Would you return the lines that run from the start of the data below to the line with "生命重于泰山,疫情就是命令,武汉作为全国", both included, exactly as written and without pictures?
======
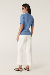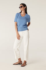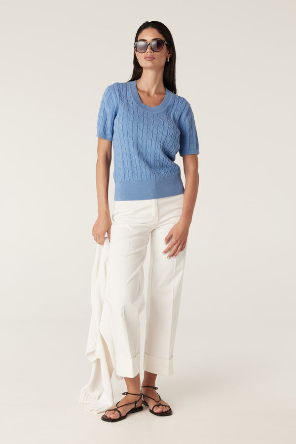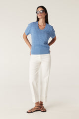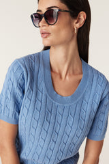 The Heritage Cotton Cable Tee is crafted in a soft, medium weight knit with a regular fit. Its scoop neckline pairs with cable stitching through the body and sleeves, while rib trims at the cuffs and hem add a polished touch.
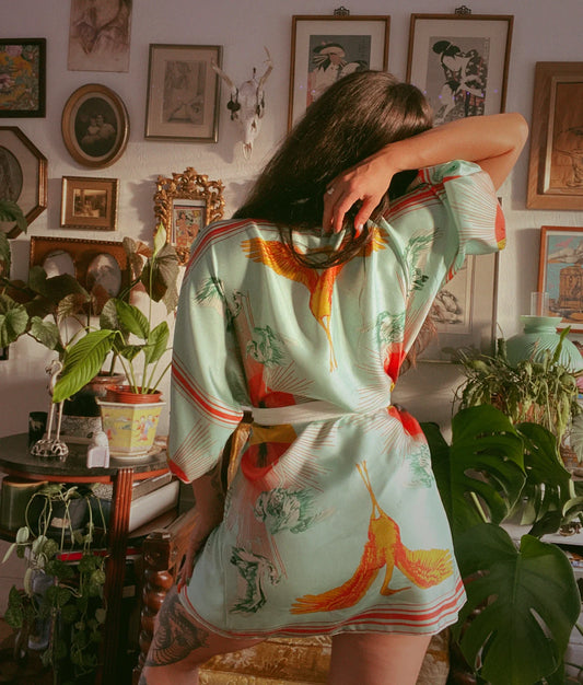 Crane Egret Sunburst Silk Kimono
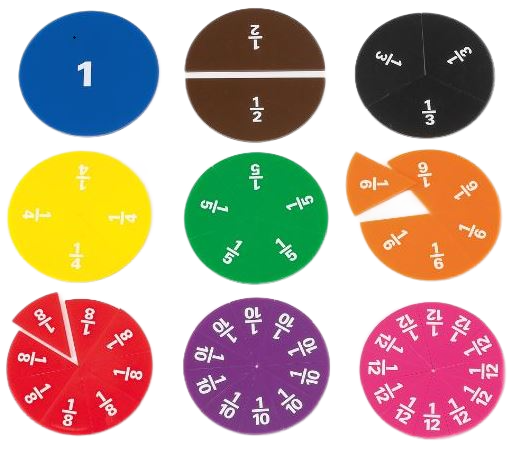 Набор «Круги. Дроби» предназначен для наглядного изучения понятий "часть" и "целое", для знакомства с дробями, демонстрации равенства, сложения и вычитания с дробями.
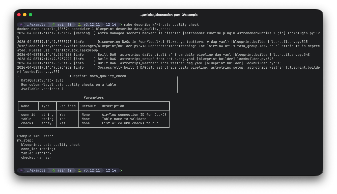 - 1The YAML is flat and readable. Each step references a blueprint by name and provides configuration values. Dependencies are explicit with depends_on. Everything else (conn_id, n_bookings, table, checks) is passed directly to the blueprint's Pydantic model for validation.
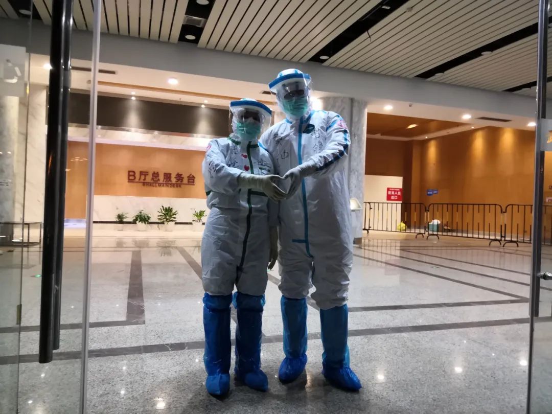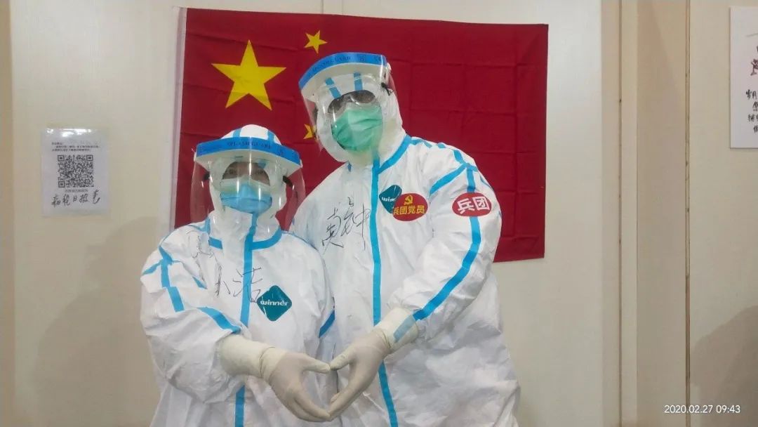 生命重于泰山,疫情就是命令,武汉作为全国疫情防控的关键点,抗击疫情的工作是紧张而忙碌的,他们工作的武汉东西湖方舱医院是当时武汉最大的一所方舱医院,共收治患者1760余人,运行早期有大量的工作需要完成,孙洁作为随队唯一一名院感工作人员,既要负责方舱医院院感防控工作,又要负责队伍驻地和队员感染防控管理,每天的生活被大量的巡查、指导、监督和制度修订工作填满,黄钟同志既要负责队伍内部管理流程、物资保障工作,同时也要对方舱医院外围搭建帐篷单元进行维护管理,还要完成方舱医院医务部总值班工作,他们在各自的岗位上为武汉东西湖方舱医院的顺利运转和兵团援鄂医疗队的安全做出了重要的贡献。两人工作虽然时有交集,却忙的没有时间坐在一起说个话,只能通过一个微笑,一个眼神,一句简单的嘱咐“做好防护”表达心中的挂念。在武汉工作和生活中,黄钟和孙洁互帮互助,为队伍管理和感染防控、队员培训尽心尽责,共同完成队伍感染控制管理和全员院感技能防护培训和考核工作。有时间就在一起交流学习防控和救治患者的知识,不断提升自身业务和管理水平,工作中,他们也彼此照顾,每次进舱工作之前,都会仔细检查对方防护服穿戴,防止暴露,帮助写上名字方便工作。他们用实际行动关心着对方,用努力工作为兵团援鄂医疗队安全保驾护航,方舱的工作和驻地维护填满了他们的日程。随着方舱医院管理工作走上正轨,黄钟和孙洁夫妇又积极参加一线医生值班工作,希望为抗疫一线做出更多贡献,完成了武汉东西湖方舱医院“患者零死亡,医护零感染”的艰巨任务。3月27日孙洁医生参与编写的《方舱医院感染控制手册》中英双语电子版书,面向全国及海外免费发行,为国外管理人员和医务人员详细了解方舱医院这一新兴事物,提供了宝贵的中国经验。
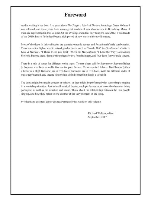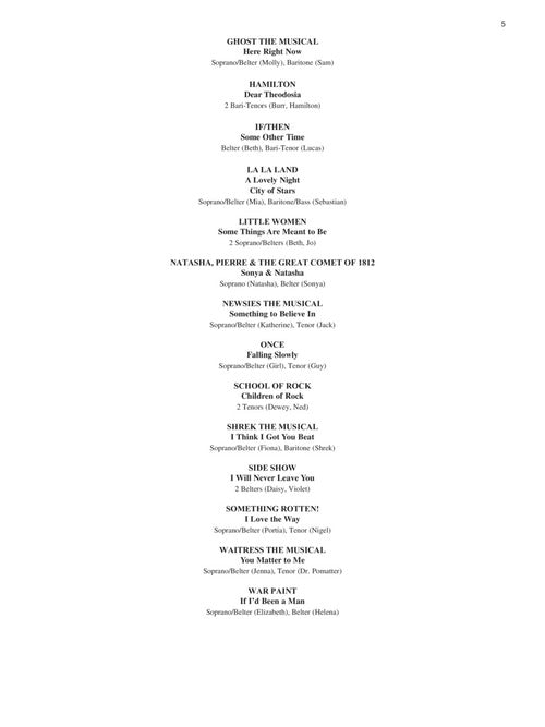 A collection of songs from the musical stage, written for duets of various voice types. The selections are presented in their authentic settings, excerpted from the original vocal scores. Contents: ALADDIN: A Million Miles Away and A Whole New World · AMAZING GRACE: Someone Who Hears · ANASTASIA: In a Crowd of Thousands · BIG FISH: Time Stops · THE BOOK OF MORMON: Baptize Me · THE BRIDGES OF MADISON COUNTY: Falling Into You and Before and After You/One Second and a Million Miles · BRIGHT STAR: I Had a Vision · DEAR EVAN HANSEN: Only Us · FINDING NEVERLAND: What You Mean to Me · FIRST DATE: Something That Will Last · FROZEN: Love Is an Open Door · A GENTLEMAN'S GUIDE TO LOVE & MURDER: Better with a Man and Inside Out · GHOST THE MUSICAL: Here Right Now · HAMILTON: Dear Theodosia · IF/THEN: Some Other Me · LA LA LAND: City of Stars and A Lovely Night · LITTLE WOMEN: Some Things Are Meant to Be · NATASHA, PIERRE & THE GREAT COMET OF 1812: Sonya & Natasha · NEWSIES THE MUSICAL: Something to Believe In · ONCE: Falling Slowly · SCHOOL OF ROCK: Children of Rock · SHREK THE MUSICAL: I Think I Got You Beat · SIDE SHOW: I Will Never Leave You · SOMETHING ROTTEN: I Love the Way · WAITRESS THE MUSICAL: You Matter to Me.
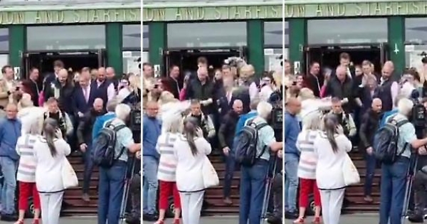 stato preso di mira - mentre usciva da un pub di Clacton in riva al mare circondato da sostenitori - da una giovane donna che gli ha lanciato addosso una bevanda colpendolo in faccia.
======
## [TASK RESULT]
 The Heritage Cotton Cable Tee is crafted in a soft, medium weight knit with a regular fit. Its scoop neckline pairs with cable stitching through the body and sleeves, while rib trims at the cuffs and hem add a polished touch.
 Crane Egret Sunburst Silk Kimono
 Набор «Круги. Дроби» предназначен для наглядного изучения понятий "часть" и "целое", для знакомства с дробями, демонстрации равенства, сложения и вычитания с дробями.
 - 1The YAML is flat and readable. Each step references a blueprint by name and provides configuration values. Dependencies are explicit with depends_on. Everything else (conn_id, n_bookings, table, checks) is passed directly to the blueprint's Pydantic model for validation.
 生命重于泰山,疫情就是命令,武汉作为全国疫情防控的关键点,抗击疫情的工作是紧张而忙碌的,他们工作的武汉东西湖方舱医院是当时武汉最大的一所方舱医院,共收治患者1760余人,运行早期有大量的工作需要完成,孙洁作为随队唯一一名院感工作人员,既要负责方舱医院院感防控工作,又要负责队伍驻地和队员感染防控管理,每天的生活被大量的巡查、指导、监督和制度修订工作填满,黄钟同志既要负责队伍内部管理流程、物资保障工作,同时也要对方舱医院外围搭建帐篷单元进行维护管理,还要完成方舱医院医务部总值班工作,他们在各自的岗位上为武汉东西湖方舱医院的顺利运转和兵团援鄂医疗队的安全做出了重要的贡献。两人工作虽然时有交集,却忙的没有时间坐在一起说个话,只能通过一个微笑,一个眼神,一句简单的嘱咐“做好防护”表达心中的挂念。在武汉工作和生活中,黄钟和孙洁互帮互助,为队伍管理和感染防控、队员培训尽心尽责,共同完成队伍感染控制管理和全员院感技能防护培训和考核工作。有时间就在一起交流学习防控和救治患者的知识,不断提升自身业务和管理水平,工作中,他们也彼此照顾,每次进舱工作之前,都会仔细检查对方防护服穿戴,防止暴露,帮助写上名字方便工作。他们用实际行动关心着对方,用努力工作为兵团援鄂医疗队安全保驾护航,方舱的工作和驻地维护填满了他们的日程。随着方舱医院管理工作走上正轨,黄钟和孙洁夫妇又积极参加一线医生值班工作,希望为抗疫一线做出更多贡献,完成了武汉东西湖方舱医院“患者零死亡,医护零感染”的艰巨任务。3月27日孙洁医生参与编写的《方舱医院感染控制手册》中英双语电子版书,面向全国及海外免费发行,为国外管理人员和医务人员详细了解方舱医院这一新兴事物,提供了宝贵的中国经验。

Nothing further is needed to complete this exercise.